Public performance venue in Andover, Massachusetts

The J. Everett Collins Center for the Performing Arts (also the Collins Center or J. Everett Collins Center) is a 1,203-seat, publicly owned theatre in Andover, Massachusetts. The Collins Center is annexed to Andover High School, and houses offices, facilities, and classrooms for the school's drama guild, vocal ensembles, orchestra, and band. The theatre was named after John Everett Collins, an Andover musician and politician.

== Construction ==
Approval for the addition of an auditorium onto the already existing high school campus was given in 1978 with town meeting warrant article 60 allocating $720,000 for such and other school improvement projects. By 1980, it was evident that additional funding was necessary for "constructing, originally equipping and furnishing an auditorium to the High School" and the town would allocate an additional $4,370,000 for the project that year Construction was completed in 1983 and the theatre would hold its inaugural performance on September 25 of that year. By the end of fiscal year 1983, $199.02 were unexpended from the 1978 allocation, as were $740,213.81 from the 1980 allocation, making the project $740,412.83 under budget.

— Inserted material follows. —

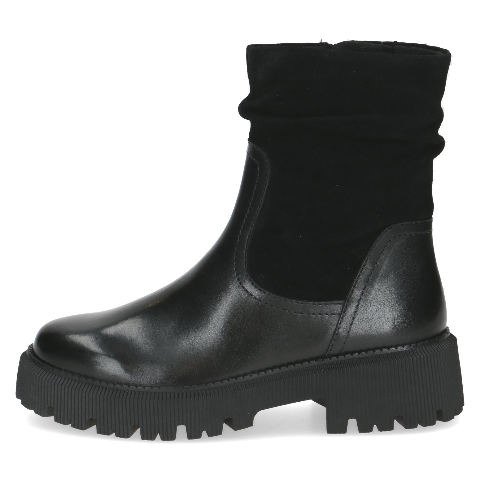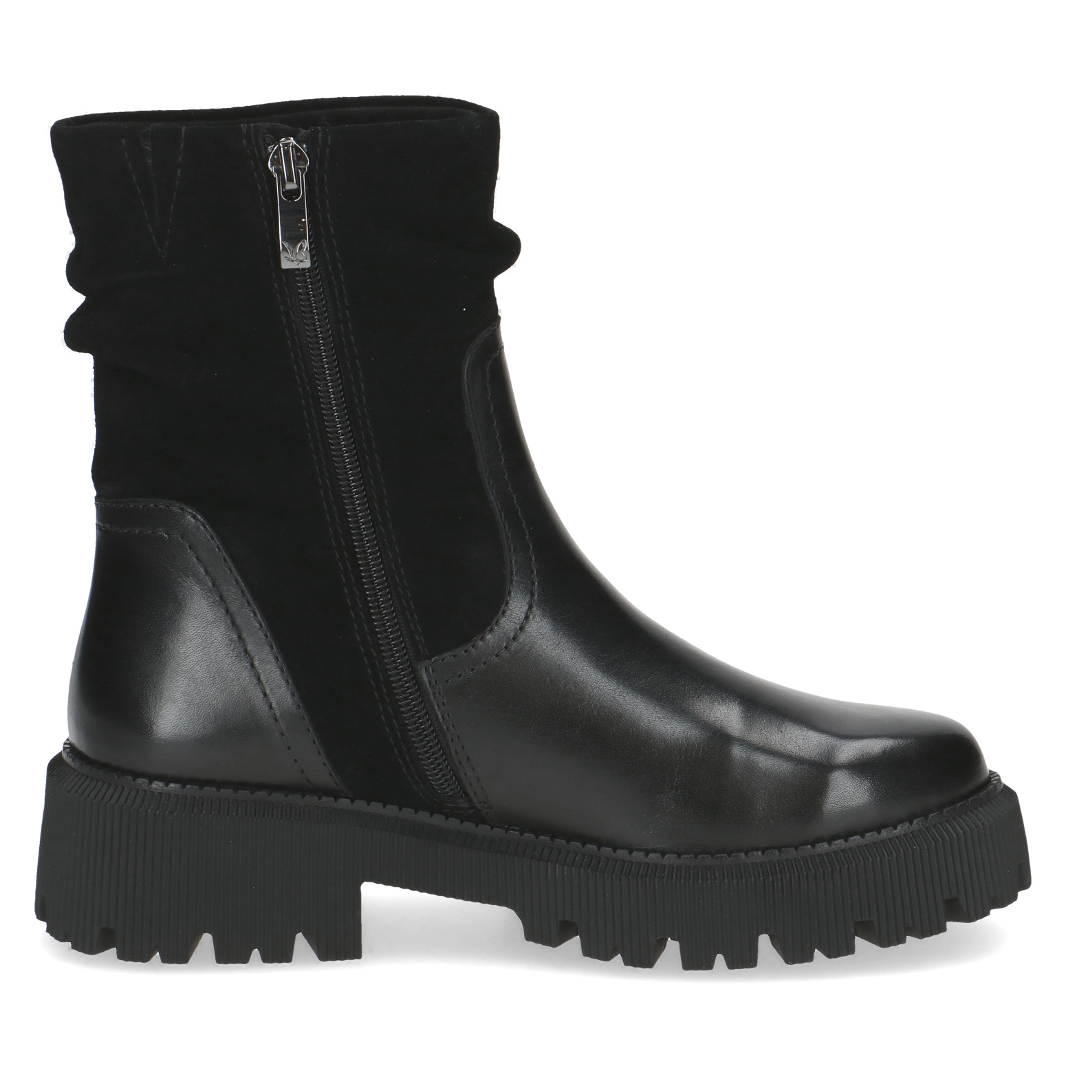 Svršek z kombinace hladké a broušené kůže působí luxusně a odolně, díky čemuž boty snadno zkombinujete s každým outfitem – od džínů po elegantní kabát. Postranní zip umožňuje snadné obouvání, zatímco decentní švy a jemný lesk dodávají modelu nadčasový charakter.

== Technical specifications ==

=== Stage ===
The stage is constructed of black-painted Masonite, laid over four-inch plywood and set upon concrete. Between the proscenium, the stage is 84 feet wide, 32 feet deep from the plaster line to the upstage wall, 25 feet tall from the stage floor to the top of the proscenium and is raised 42 inches from the house floor. The stage right wing extends ten feet from the edge of the proscenium to the stage right wall. The stage left wing extends five feet from the edge of the proscenium to the fly rail. Both wings extend the full 32 feet depth of the stage. From the plaster line, the apron extends six feet downstage. This apron can be further extended using platforms in the orchestra pit.

=== Fly system ===

==== Rigging ====
There are a total of forty-four-line sets, including the fire curtain (autonomously controlled with building fire alarm system) and ten loaded and fixed pipes (five electrics, four orchestra panels and one movie projection screen). The forty-three executable line sets are T-track counterweight sets, operable from the stage left deck. Due to the location of a door on the stage left wall, ten sets are raised on a fly gallery and therefore double-purchased. All arbors are seven feet tall and can hold a maximum load of 1100 pounds.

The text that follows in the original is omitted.